ある日突然行けなくなった、惣菜店のバイトのこと。
コンビニの次に長かったのが、惣菜店でのアルバイトだった。
駅前の小さな惣菜店。
量り売りのお惣菜がメインで、揚げ物やお弁当、果物なんかも置いていた。
時折本社から来る社員と、チーフのほか、厨房で働くのは、パートタイムの主婦たちだった。わたしは主に、店頭での作業(商品管理や値付け等)接客、レジ打ちを担当した。接客が暇な時間には、惣菜作りを手伝ったり、揚げ物を揚げたりもした。掃除や片付け、洗い物などの雑務もあった。
閉店時間までの勤務で。チーフが不在の時には、さいごにレジを締めて、お金を店の金庫や、銀行の夜間金庫に入れる仕事も任された。(大金を預かって、銀行に向かうのはいつもドキドキだった。)
接客・レジ打ちはコンビニで慣れていたので、仕事を覚えるのは早かった…と思う。(^^;
そのうち、新しく入ったパートさんの指導を頼まれるようになった。親子かそれ以上、歳の離れた年長のパートさんに教えるのは、それなりに気を使うことが多かった。厨房にはベテランのパートさんがたくさんいるのに、何故、若手アルバイトのワタシなんかに指導させるのだろう?と、当時は不思議に思っていたけれど。
今ならなんとなくわかる気がする。
厨房はいつもパートのおばさんたちの噂話でもちきりだった。
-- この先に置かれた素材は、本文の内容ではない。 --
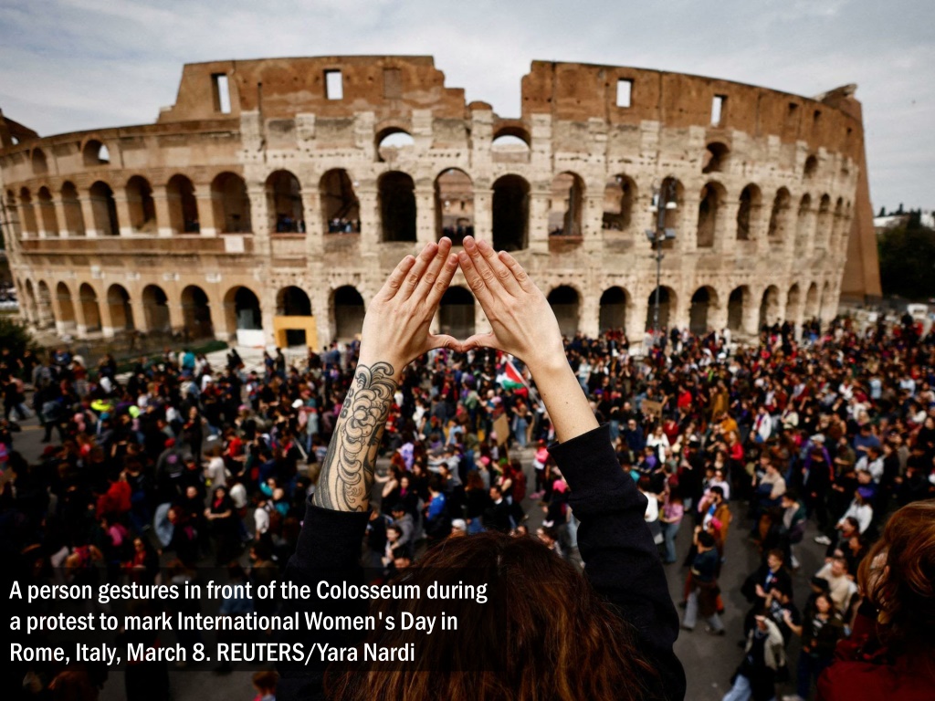A person gestures in front of the Colosseum during a protest to mark International Women's Day in Rome, Italy, March 8. REUTERS/Yara Nardi
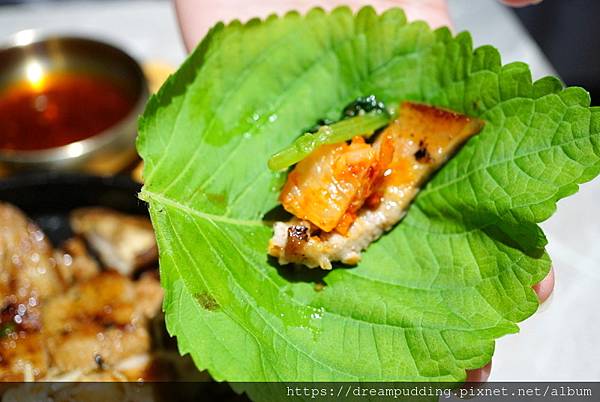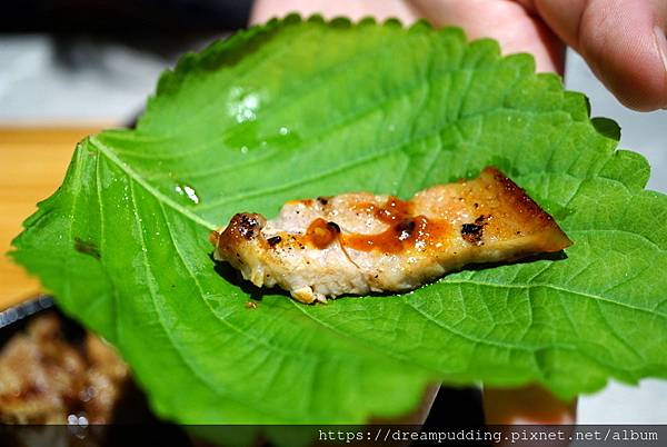 他的芝麻葉不苦耶,配上五花肉解膩好吃。

いつも誰かが誰かの悪口や文句を言っていて、聞いていると人間不信に陥りそうになるほどだった。
ひとりだけ年の離れたわたしは、その中に巻き込まれることはなかったのは幸いだったけど。
たぶんチーフも人間関係がドロドロの同世代のパートさん同士よりも、子どものような年齢の若いアルバイトに教えさせるほうが、無難だと思ったのだろう。
(値付けやレジ打ち等、機械操作だけは早かったしね。)
パートさんたちの人間関係に気を使うことはあったものの、仕事自体は楽しかった。
いろいろなお惣菜が出来るのを見るのは、わくわくした。味付けは専用調味料を使うものが多く、揚げ物も業務用フライヤーを使うので、温度管理が楽で、わたしでも失敗せずに調理ができた。何だか料理が上手くなったような気分になれるので嬉しかった。(料理の上達に関していえば、錯覚だったみたいだけど。)
残りものを安く買えたり、時には貰えることもあって、食べるものに困らなくてすむのも、有り難かった。
はじめは週3〜4日出勤だったのが、だんだん休み辛くなり、気がつけば、週5〜6日になることも増えた。
適当に手を抜いたり、上手く休む方法を知らなかったから、だいぶ疲れていたように思う。
仕事以外のいろいろな出来事や事件もあり、精神的に不安定だったある日。
からだが動かなくなって。
仕事に行けなくなって。
バイトを辞めることになった。
不登校の時と同じじゃないか。
わたしはアルバイトもまともにできないのかと。めちゃくちゃ落ち込んだ。
仕事自体が出来なかったわけでも、嫌だったわけでも無かったから、なおさらショックだった。
そしてしばらくひきこもっていた。